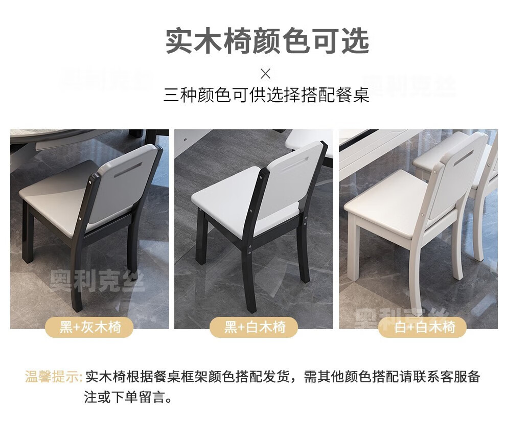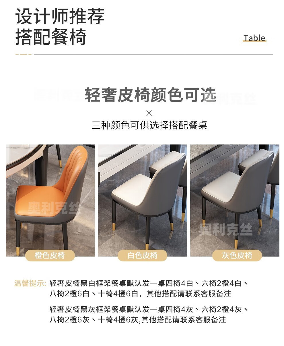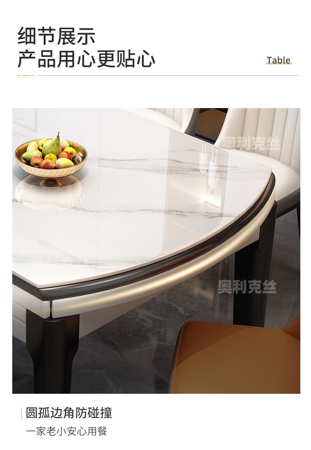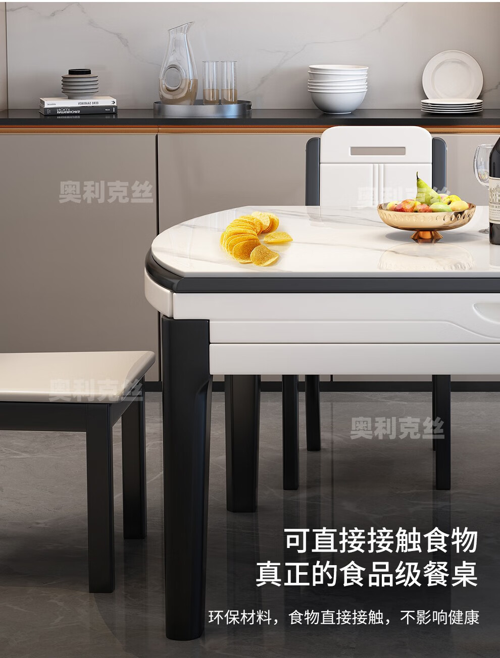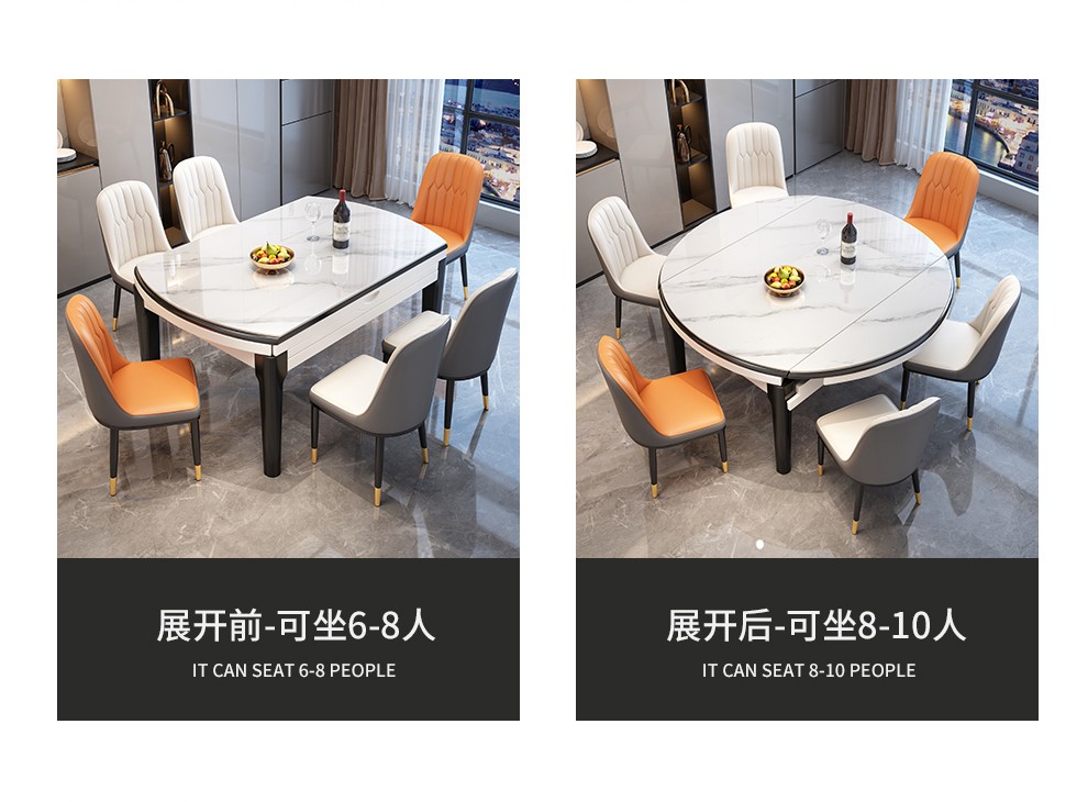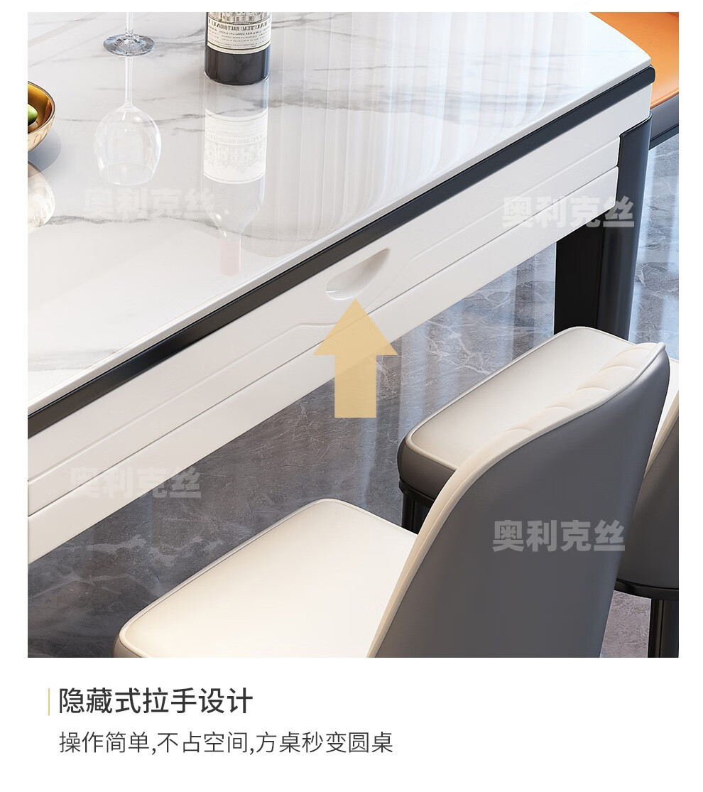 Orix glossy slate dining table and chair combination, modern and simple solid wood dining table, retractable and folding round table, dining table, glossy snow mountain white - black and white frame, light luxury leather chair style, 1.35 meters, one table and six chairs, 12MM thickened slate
...
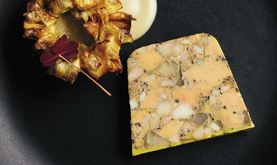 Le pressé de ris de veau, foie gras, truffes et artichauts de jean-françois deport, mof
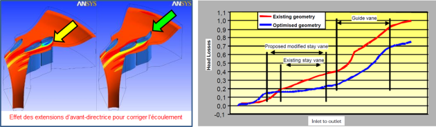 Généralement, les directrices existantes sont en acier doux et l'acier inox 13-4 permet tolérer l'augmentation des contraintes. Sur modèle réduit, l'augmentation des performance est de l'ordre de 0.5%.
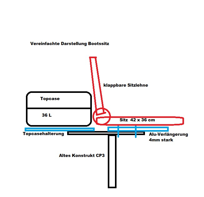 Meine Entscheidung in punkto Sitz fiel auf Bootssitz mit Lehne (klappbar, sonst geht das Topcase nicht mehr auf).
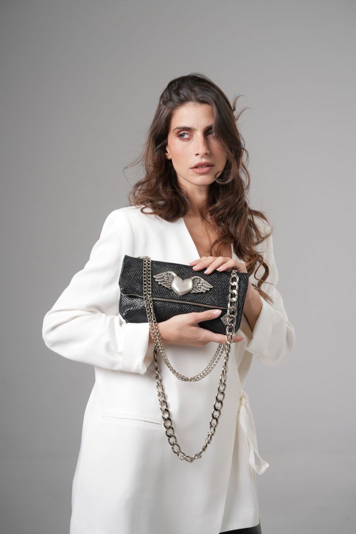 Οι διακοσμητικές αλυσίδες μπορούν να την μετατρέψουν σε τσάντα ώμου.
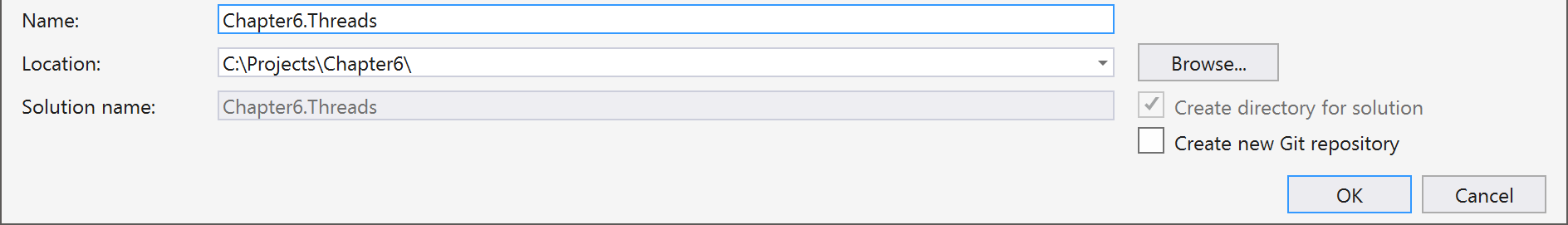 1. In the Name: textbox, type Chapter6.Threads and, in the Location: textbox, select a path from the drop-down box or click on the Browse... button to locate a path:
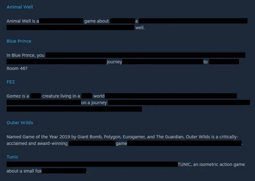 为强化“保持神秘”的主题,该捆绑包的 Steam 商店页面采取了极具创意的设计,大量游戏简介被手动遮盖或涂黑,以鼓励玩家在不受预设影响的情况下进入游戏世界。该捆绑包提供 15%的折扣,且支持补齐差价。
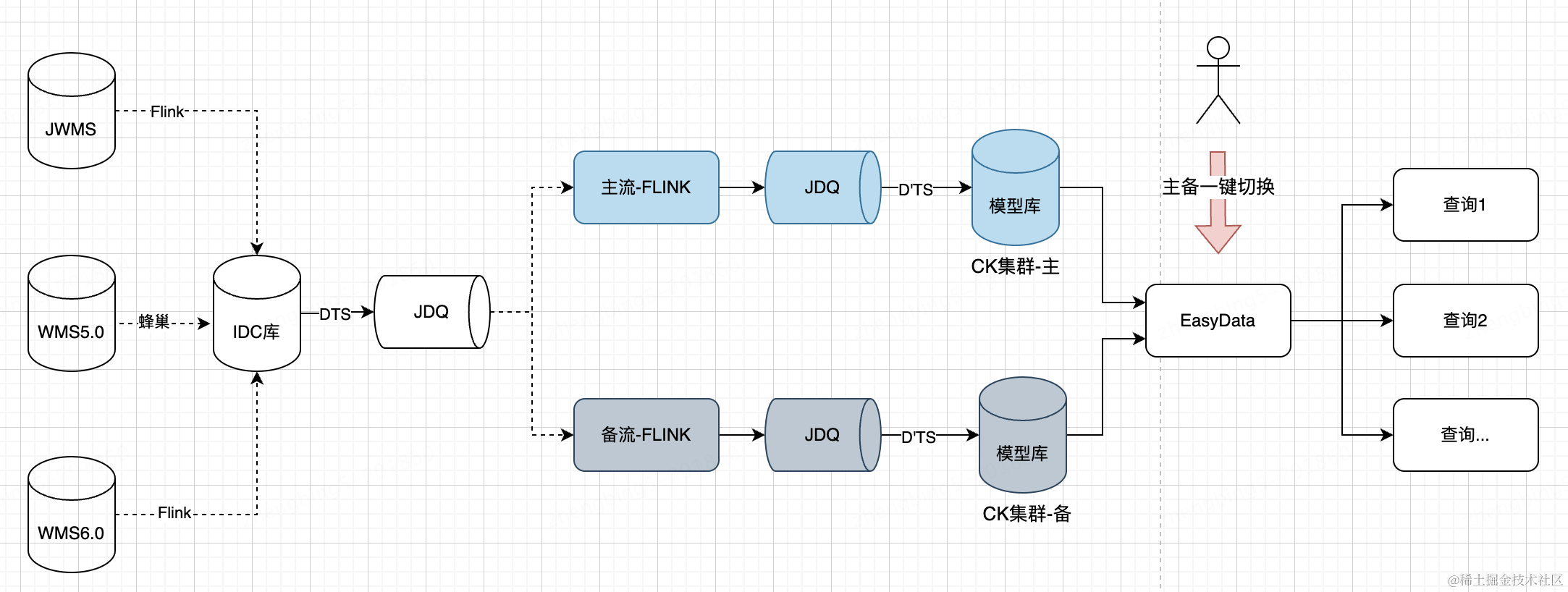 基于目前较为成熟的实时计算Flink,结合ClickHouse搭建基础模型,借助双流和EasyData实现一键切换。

- Assignment
From the line with "Le pressé de" up to and including the line with "Généralement, les directrices" above, retype every line exactly and nothing more; leave out the pictures.

- Task response
 Le pressé de ris de veau, foie gras, truffes et artichauts de jean-françois deport, mof
 Généralement, les directrices existantes sont en acier doux et l'acier inox 13-4 permet tolérer l'augmentation des contraintes. Sur modèle réduit, l'augmentation des performance est de l'ordre de 0.5%.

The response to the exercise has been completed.